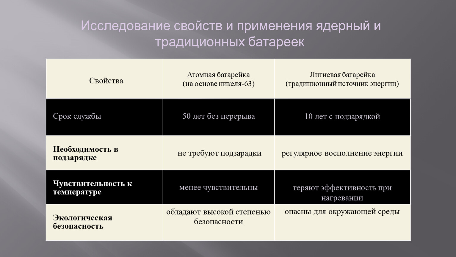 Исследование свойств и применения ядерный и традиционных батареек
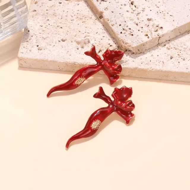 These earrings are crafted with attention to detail and designed for comfort. The silver ear pin provides a lightweight feel, while the striking red rose and cross motif bring out your bold personality. Their timeless yet edgy design makes them versatile enough to wear year-round.
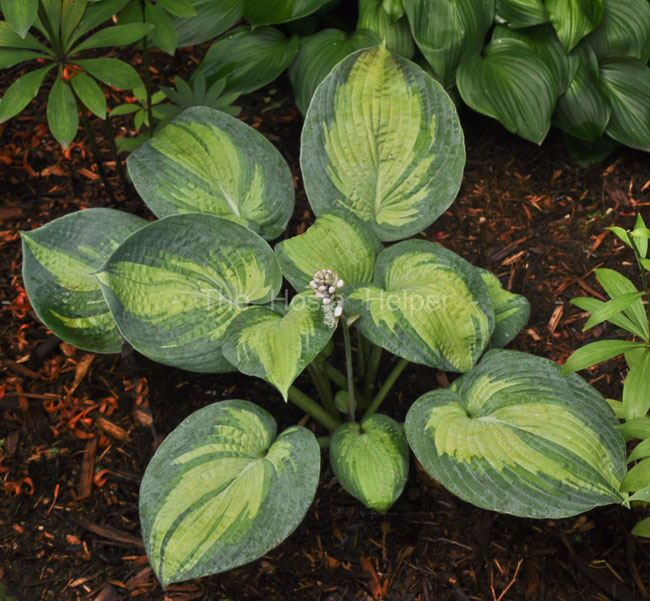 leaf cream center, a wide green edge and a thick cupped round leaf. |
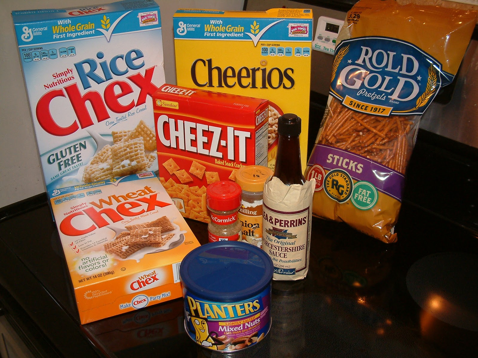 General Mills Rice and Wheat Chex and Cheerios, Rold Gold Pretzel Sticks, Cheez-Its, Lea & Perrins® Worcestershire Sauce, Planters Mixed Nuts, Onion and Celery Salt
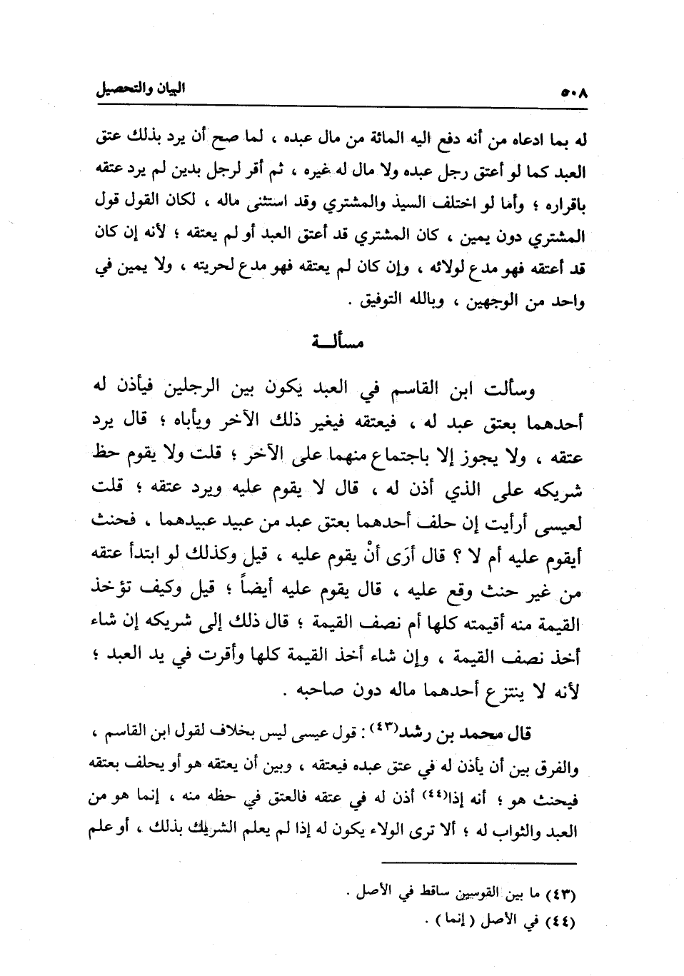 قال محمد بن رشد: قول عيسى ليس بخلاف لقول ابن القاسم، والفرق بين أن يأذن له في عتق عبده فيعتقه، وبين أن يعتقه هو أو يحلف بعتقه فيحنث هو، أنه إذا أذن له في عتقه فالعتق في حظه منه، إنما هو من العبد والثواب له، ألا ترى الولاء يكون له إذا لم يعلم الشريك بذلك، أو علم
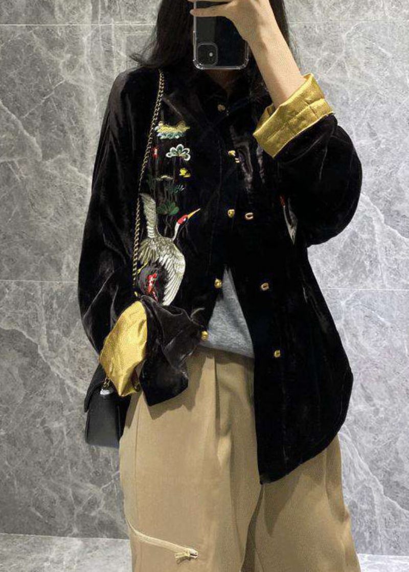 Vintage Svart Mandarinkrage Broderade Velourkappor Långärmad

★ ★ ★ ★ ★ ★ ★

## [ASSIGNMENT]
Print from the line containing "leaf cream center, a" through the line containing "General Mills Rice" in the data above, exactly as the lines stand, and omit every picture.

## [OUTPUT BELOW]
 leaf cream center, a wide green edge and a thick cupped round leaf. |
 General Mills Rice and Wheat Chex and Cheerios, Rold Gold Pretzel Sticks, Cheez-Its, Lea & Perrins® Worcestershire Sauce, Planters Mixed Nuts, Onion and Celery Salt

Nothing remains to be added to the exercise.